* [WHAT THE TASK REQUIRES] Retype only the lines that run from the top of the material below to the line bearing "Tarihi Kent Meydanında", inclusive, and keep the pictures out.
··· INFORMATION
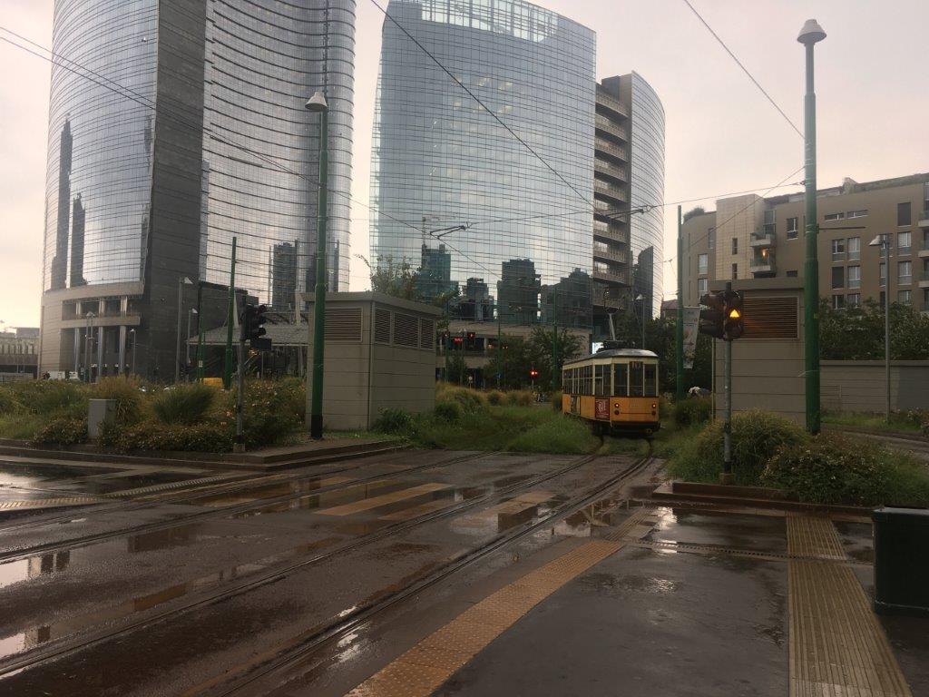 A Milan, la motrice 1926 de la série 1500 Peter Witt, opérant sur la ligne 10, vient de quitter la station « Stazione Garibaldi M2 M5 » sous la pluie, en direction du terminus nord « Viale Lunigiana », le mercredi 28 août 2019. Copyright : En passant par là
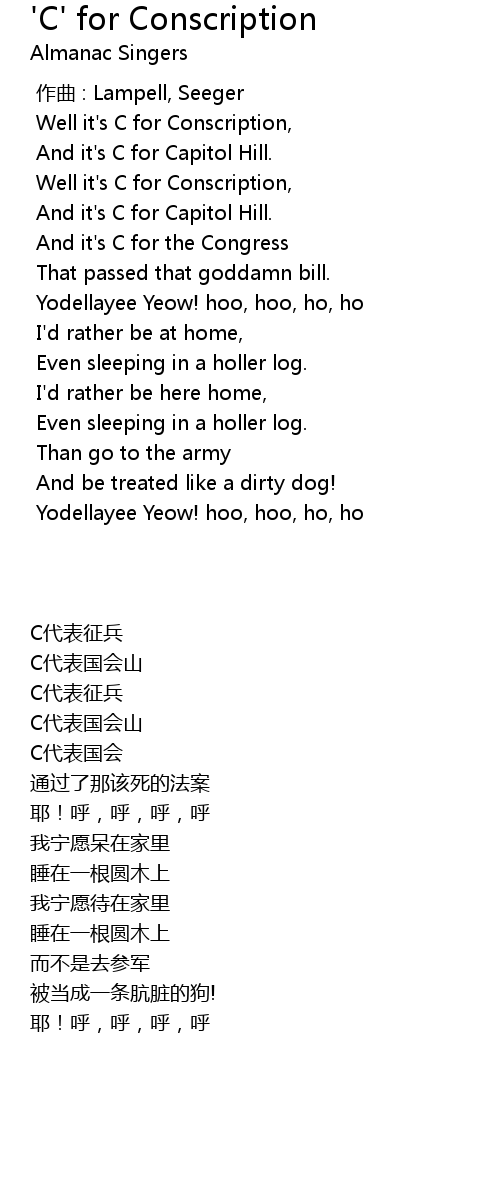 | [00:19.483] | Well it' s C for Conscription, |
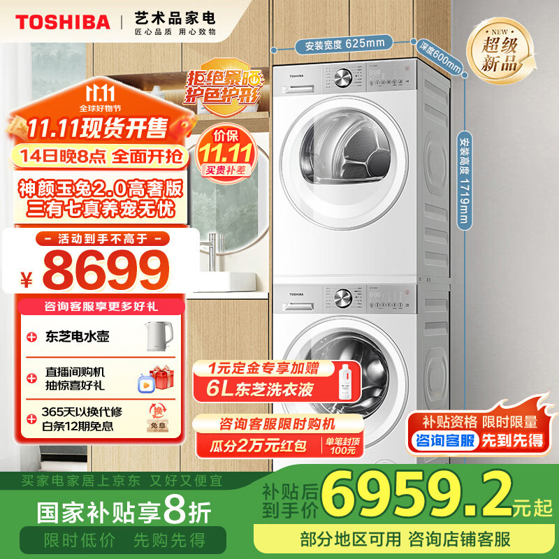 东芝(TOSHIBA)玉兔2.0高奢版纯平全嵌洗烘套装 10KG全自动滚筒洗衣机+变频热泵式烘干机 DG-10T183BW+DH-10T183BW
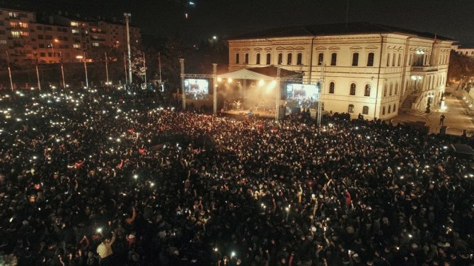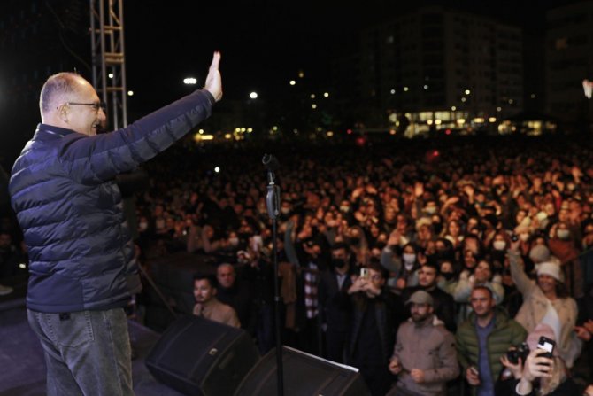 Tarihi Kent Meydanında düzenlenen konserde sahne alan Sonses en sevilen şarkılarını seslendirdi.
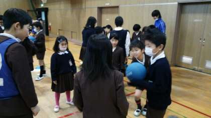 たてわり班で円になり、真ん中に一人入ります。真ん中に入った人が「ゴロゴロゴロゴロ…ストップ!」と言います。ストップと言われた時にボールをもっていた人が、交代して真ん中に入ります。慣れてくるにしたがって、色々なグループから歓声が聞こえてきました。
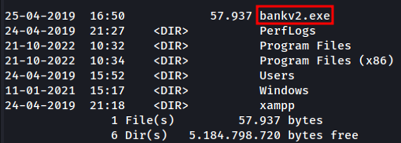 Encontramos en el sistema de archivos un binario en la raíz de la unidad llamado bankv2.exe
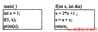 ●函數main()、f()的定義如下所示,調用函數f()時,第一個參數采用傳值(call by value)方式,第二個參數采用傳引用(call by reference)方式,main函數中“print(x)”執行后輸出的值為(50)。
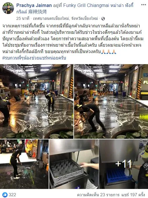 จากเหตุการณ์ที่เกิดขึ้น จากกรณีที่มีลูกค้ากลับจากเกาหลีแล้วมานั่งกินหม่าล่าที่ร้านหม่าล่าฟังกี้ ในส่วนผู้บริหารผมได้รับข่าวในช่วงดึกๆแล้วได้ลงมาแก้ปัญหาเบื้องต้นด้วยตัวเอง โดยการทำความสะอาดพื้นที่เบื้องต้น โดยเช้านี้ผมได้ประชุมทีมงานเรื่องการพ่นยาฆ่าเชื้อวันนี้แล้วครับ เดี๋ยวผมจะแจ้งหน้าเพจหม่าล่าฟังกี้กริลล์อิกที ขอบคุณทุกท่านที่เป็นห่วงครับ🙏🏻🙏🏻🙏🏻
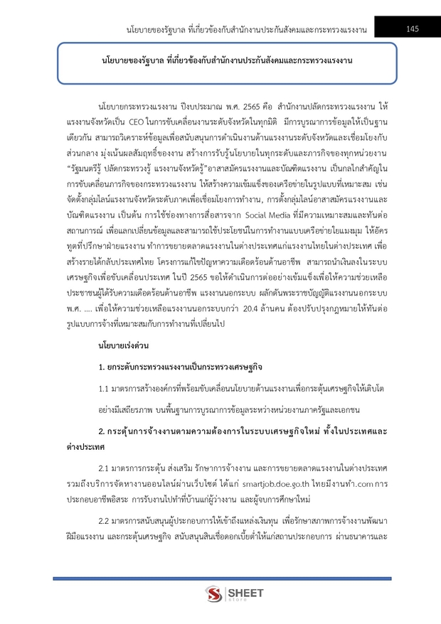 – นโยบายของรัฐบาลที่เกี่ยวข้องกับสำนักงานประกันสังคมและกระทรวงแรงงาน
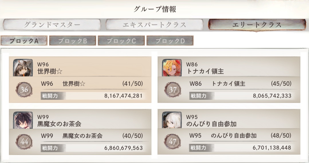 我々『世界樹☆』(「世界樹」より一時的に改名)は、総合戦闘力33位~48位で構成される「エリートクラス」に振り分けられた。
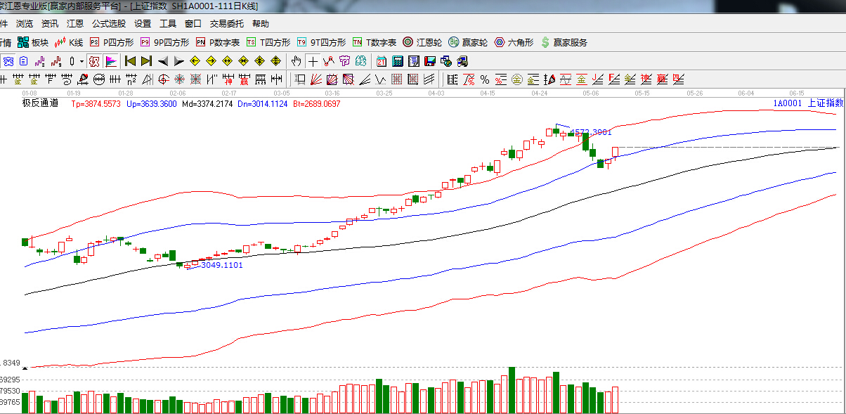 極反通道提示:滬指重新藍色外軌線,回踩外軌縣不破,看多。
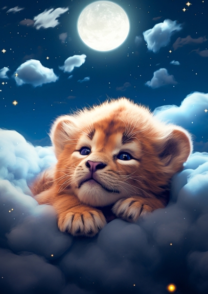 "At the request of my children, this cute motif was created and several more with cute baby animals in the clouds."
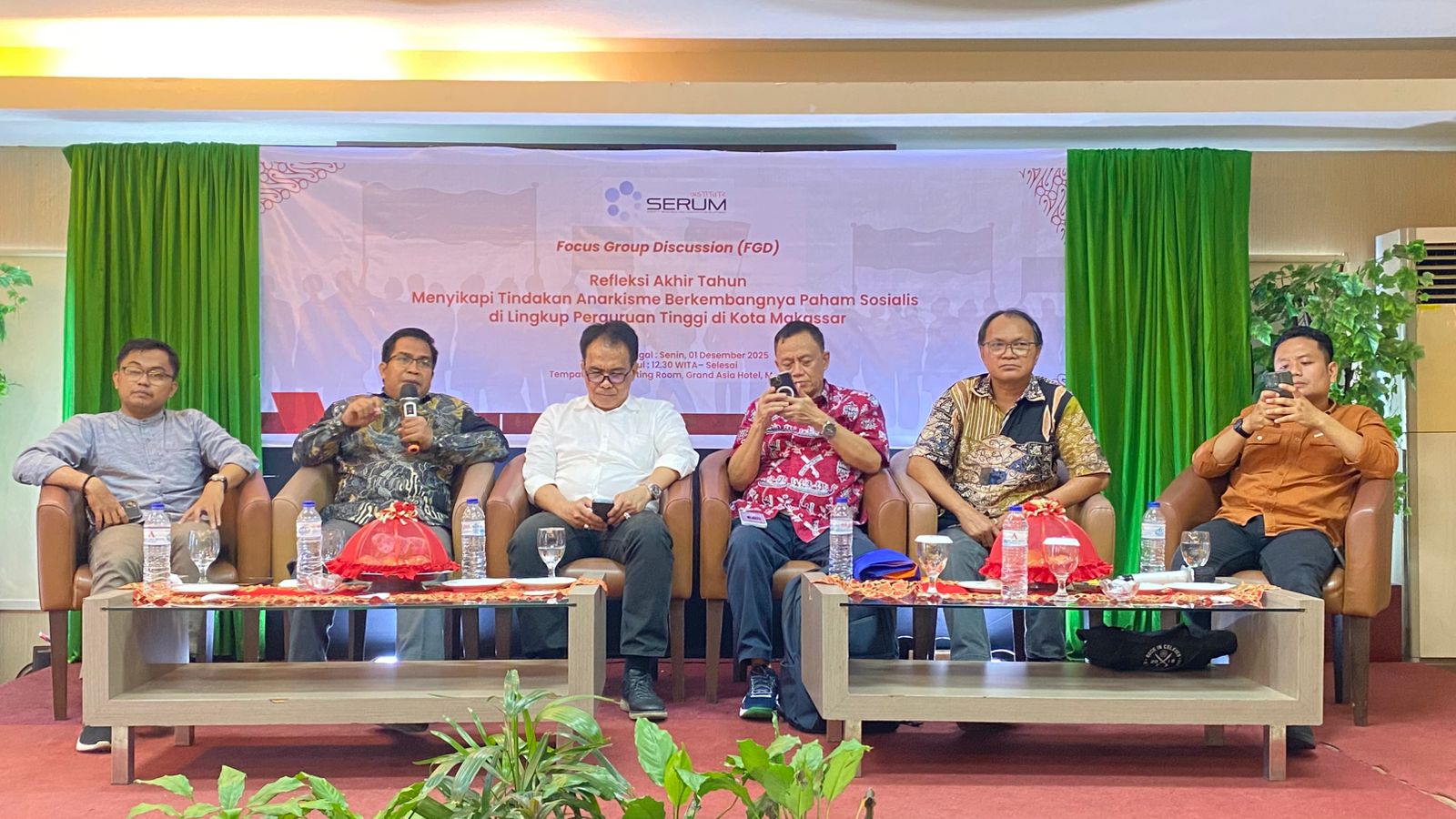 BERITABERSATU.COM, MAKASSAR – Serum Institute menggelar Forum Group Discussion (FGD) bertajuk Refleksi Akhir Tahun, Menyikapi Tindakan Anarkisme dan Perkembangan Paham Sosialis di Lingkup Perguruan Tinggi Kota Makassar, Senin 1 Desember 2025. Kegiatan ini berlangsung di Hotel Grand Asia Makassar dan menghadirkan ratusan peserta yang mayoritas merupakan mahasiswa dari berbagai perguruan tinggi di kota tersebut.
······
* [RESPONSE BOX]
 A Milan, la motrice 1926 de la série 1500 Peter Witt, opérant sur la ligne 10, vient de quitter la station « Stazione Garibaldi M2 M5 » sous la pluie, en direction du terminus nord « Viale Lunigiana », le mercredi 28 août 2019. Copyright : En passant par là
 | [00:19.483] | Well it' s C for Conscription, |
 东芝(TOSHIBA)玉兔2.0高奢版纯平全嵌洗烘套装 10KG全自动滚筒洗衣机+变频热泵式烘干机 DG-10T183BW+DH-10T183BW
 Tarihi Kent Meydanında düzenlenen konserde sahne alan Sonses en sevilen şarkılarını seslendirdi.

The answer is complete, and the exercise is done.